» **Material for this exercise**
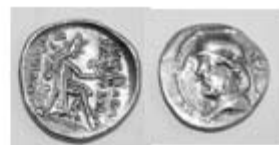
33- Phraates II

---

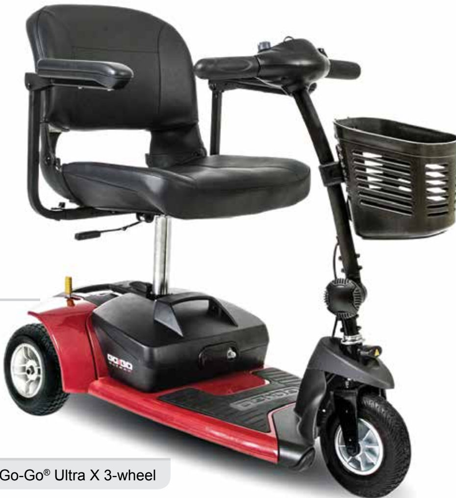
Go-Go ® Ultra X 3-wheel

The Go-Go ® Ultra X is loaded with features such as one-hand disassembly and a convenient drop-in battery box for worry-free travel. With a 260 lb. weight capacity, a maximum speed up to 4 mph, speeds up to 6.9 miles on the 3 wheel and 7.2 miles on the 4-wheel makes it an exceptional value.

» **Task to carry out**
Find the line with "Go-Go ® Ultra X 3-wheel" in the material above. Reproduce it and each line after it up to and including the line with "The Go-Go ®".

» **Solution to the exercise**
Go-Go ® Ultra X 3-wheel

The Go-Go ® Ultra X is loaded with features such as one-hand disassembly and a convenient drop-in battery box for worry-free travel. With a 260 lb. weight capacity, a maximum speed up to 4 mph, speeds up to 6.9 miles on the 3 wheel and 7.2 miles on the 4-wheel makes it an exceptional value.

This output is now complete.